■ What is needed
Please restate word for word all lines from the one containing "系统体验上,首发搭载小米澎湃" to the final line of the entries, and include no pictures.

┄┄┄┄┄┄┄┄┄┄┄┄┄┄┄┄┄┄┄┄

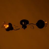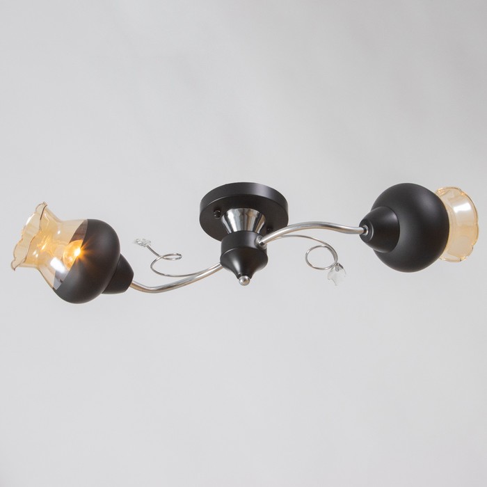 Вид лампы|Накаливания;Количество ламп|2;Стиль|Эконом;Цоколь|E27;Длина, см|53;Ширина, см|20;Высота, см|23;Площадь освещения, м²|4;Минимальная высота от потолка, см|23;Максимальная высота от потолка, см|23;Мощность на цоколь, Вт|40;Степень защиты|IP20;Назначение по помещениям|Спальня;Назначение по помещениям|Гостиная;Материал основания|Металл;Цвет основания|Чёрный;Тип рассеивателя|Плафон;Тип подвеса|Без подвеса (потолочный);Оттенок рассеивателя|Цветные;Оттенок рассеивателя|Тёмные тона;Материал рассеивателя|Стекло;Управление светильником|Без пульта;Подходит для натяжных потолков|Да (при использования светодиодных ламп);Плоская|Нет;Тип крепления|На планку;Форма рассеивателя|Бокал;Направление рассеивателя|В стороны;Цвет рассеивателя|Медовый;Цвет рассеивателя|Чёрный;Стиль|Современный;Тип источника освещения|Лампа не в комплекте;
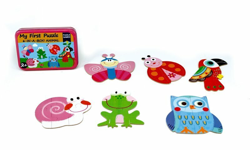 Puzzle drewniane przedstawiające zwierzątka. W zestawie jest 6 układanek (motyl, żaba, biedronka, papuga, ślimak, sowa). Znajdują się w metalowym pudełku. Dzieci w małym wieku zaczynają tworzyć koncepcje wielkości, koloru i przestrzeni obiektów. Prosty trening łamigłówek z tą układanką może...
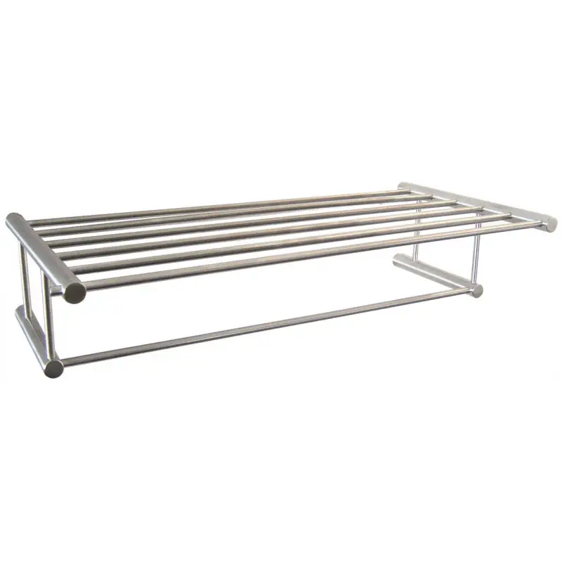Полка для полотенец с вешалкой для настенного монтажа, изготовленная из нержавеющей стали AISI 304 с сатинированной отделкой. Полка состоит из шести бесшовных прутьев диаметром 8 мм из нержавеющей стали AISI 304, толщиной 0,8 мм и двух кронштейнов из нержавеющей стали AISI 304 диаметром 18 мм, толщиной 0,8 мм. Эта полка для полотенец с плавными чистыми линиями, соответствующими современным ванным комнатам, подходит для гостиничного сектора, для оснащения ванных комнат в гостиничных номерах. Конструкция из нержавеющей стали обеспечивает долговечность и устойчивость к ржавчине. Не имеет съемных элементов. Обычно комплектуется дозатором для мыла из нержавеющей стали и сушилкой для рук. Винты и дюбели для установки на стену прилагаются.
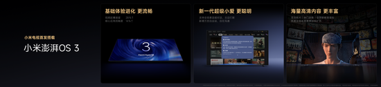 系统体验上,首发搭载小米澎湃OS 3,操作更加丝滑流畅,支持新一代超级小爱,能实现真人式连续对话,还有海量的高清内容,提供丰富的观看选择。
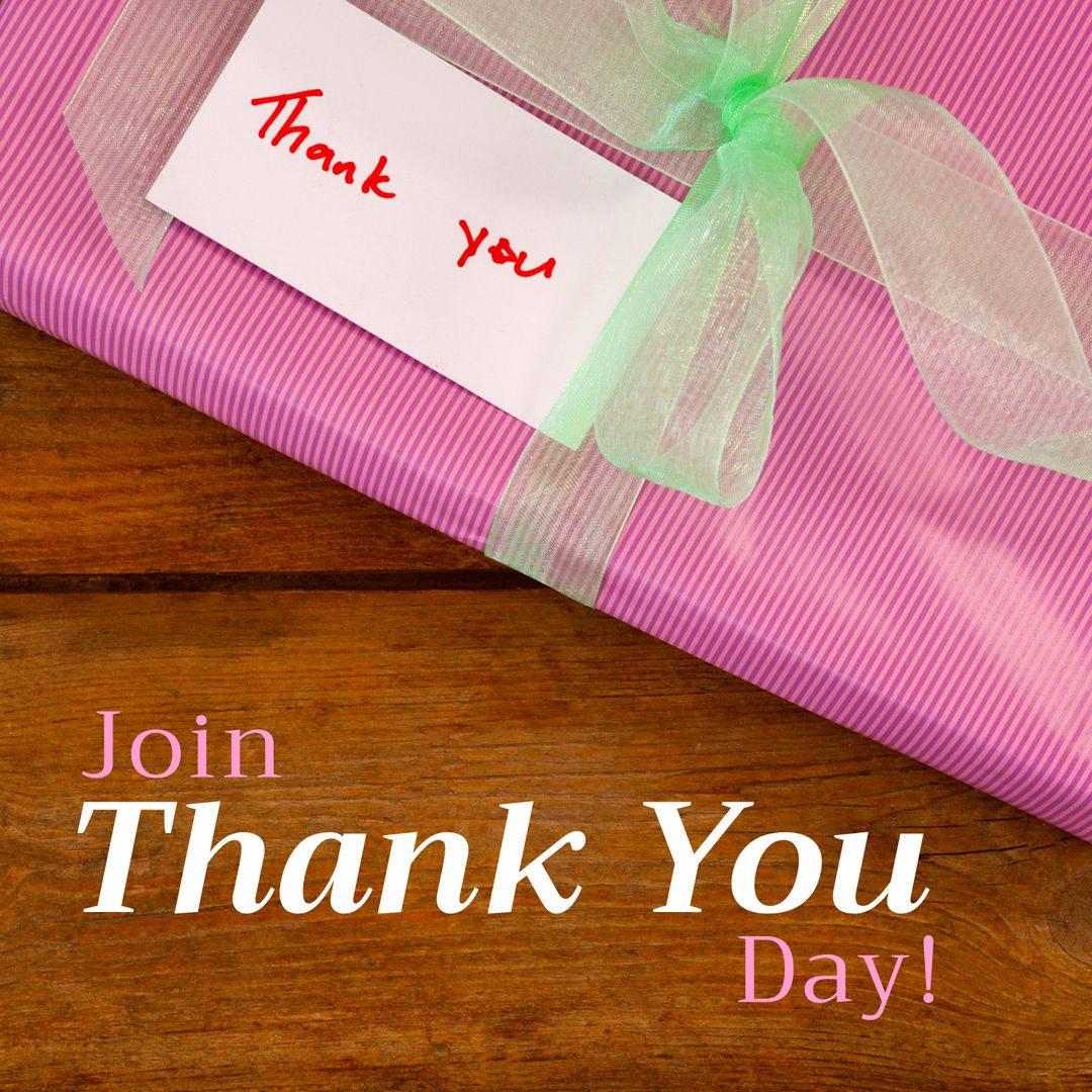 Pastel pink gift box with a green ribbon placed on a rustic wooden table background. Accompanying the box is a card reading 'Thank you' signaling appreciation and gratitude. The phrase 'Join Thank You Day!' is displayed prominently, inviting participation in expressing thanks. Useful for campaigns promoting gratitude, advertisements for holidays, or posts about appreciation events.
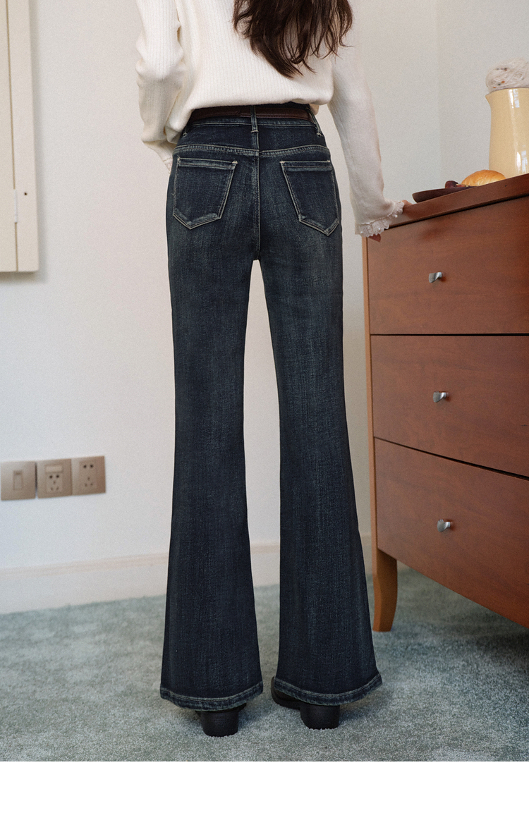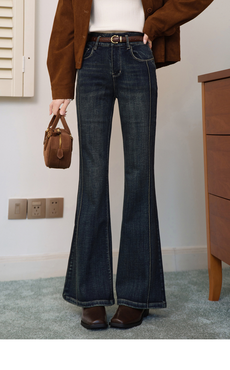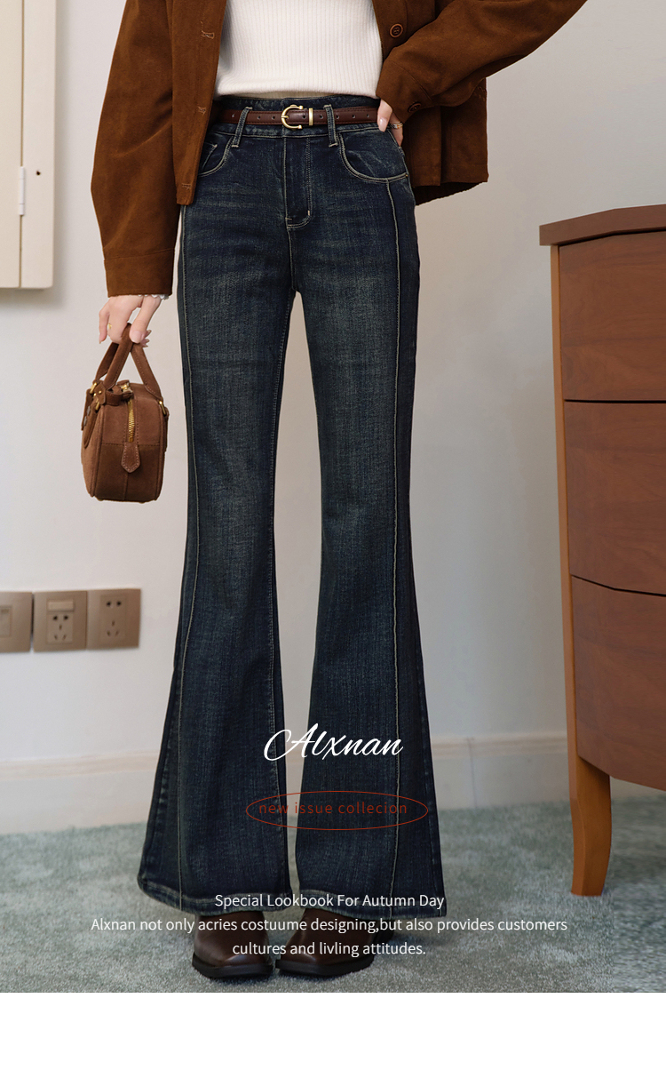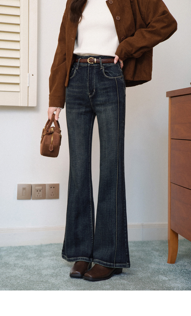 鹿向南「腿精出击」复古蓝色微喇显瘦牛仔裤女秋冬新款气质长裤子

┄┄┄┄┄┄┄┄┄┄┄┄┄┄┄┄┄┄┄┄

■ Exercise result
 系统体验上,首发搭载小米澎湃OS 3,操作更加丝滑流畅,支持新一代超级小爱,能实现真人式连续对话,还有海量的高清内容,提供丰富的观看选择。
 Pastel pink gift box with a green ribbon placed on a rustic wooden table background. Accompanying the box is a card reading 'Thank you' signaling appreciation and gratitude. The phrase 'Join Thank You Day!' is displayed prominently, inviting participation in expressing thanks. Useful for campaigns promoting gratitude, advertisements for holidays, or posts about appreciation events.
 鹿向南「腿精出击」复古蓝色微喇显瘦牛仔裤女秋冬新款气质长裤子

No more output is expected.